Same-sex couples living in Northern Ireland will be able to convert their civil partnerships to marriages from today (7 December), in a move heralded as the "last stage in achieving full marriage equality" in the region.
It means around 1300 couples who had previously entered a civil partnership now have a three-year window to convert to a marriage, with fees waived for the first year as a gesture of goodwill.
17 conversions are expected to take place on Monday as the legislation comes into effect, with 32 conversions planned over the course of the week, ITV News reports.
Among the couples tying the knot on Monday are long-time marriage equality campaigners Cara McCann and Amanda McGurk, who were honoured with an Attitude Pride Award in 2018 for their work to see marriage equality legalised in Northern Ireland.
Sharing a picture of the couple in rainbow Pride facemasks outside Belfast City Hall today, McGurk wrote: "Today after a long wait I officially get to be your wife @caramccann. I can’t believe it, love you."
In her own tweet, McCann added: "Can’t believe this day is here! At city hall in Belfast waiting to get our marriage certificate!!!"

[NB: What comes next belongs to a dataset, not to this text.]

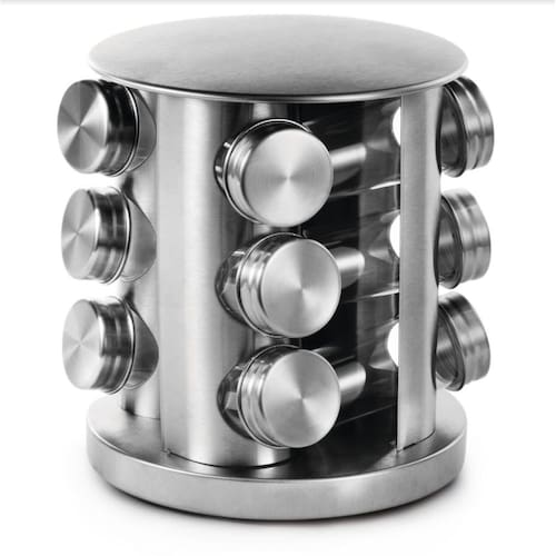 Porta Condimentos em Inox Com Base Giratória Funcionamento O kit porta condimentos em inox funciona de maneira bastante simples. Para utilizá-lo basta que se abra o pote, adicione o tempero em seu interior, feche e pronto. O grande diferencial deste pote está no material do mesmo em aço inoxidável e totalmente vedado, o que permite que o tempero seja totalmente isolado de efeitos externos e possua excelente qualidade e durabilidade. Outra grande vantagem do kit porta condimentos está na base giratória em aço inoxidável que o acompanha. Isso permite que os temperos sejam expostos de maneira extremamente prática e bonita. Pot fim, cada pote possui vedação com rosca e tampa dosadora, o que faz com o tempero seja dosado com precisão e praticidade. Mais características - O kit acompanha 12 porta condimentos; - Material: Aço inoxidável; - Acompanha base giratória em aço inoxidável; - Possui tampa dosadora para temperos; - Formato ergonômico e prático; - Pode ser utilizado para qualquer tipo de tempero; - Estrutura reforçada não amassa ou deforma - Extremamente leve para girar; - Altamente resistente a quedas; - Design Inovador e Moderno; - Leve e fácil de manejar; - e Facilidade na troca; Medidas Tamanho: 21,5 x 19 x 19 cm Peso: 1700g Embalagem: Litografada

Reacting to the law change back in October, McGurk had said: "It is such a relief to get the last element of marriage equality legislation over the line.
"This means that people in civil partnerships, like my partner Amanda and I, can finally become the married couple we have always wanted to be.
"This change means so much to so many people here, as we can finally see that the law respects our relationships as equal."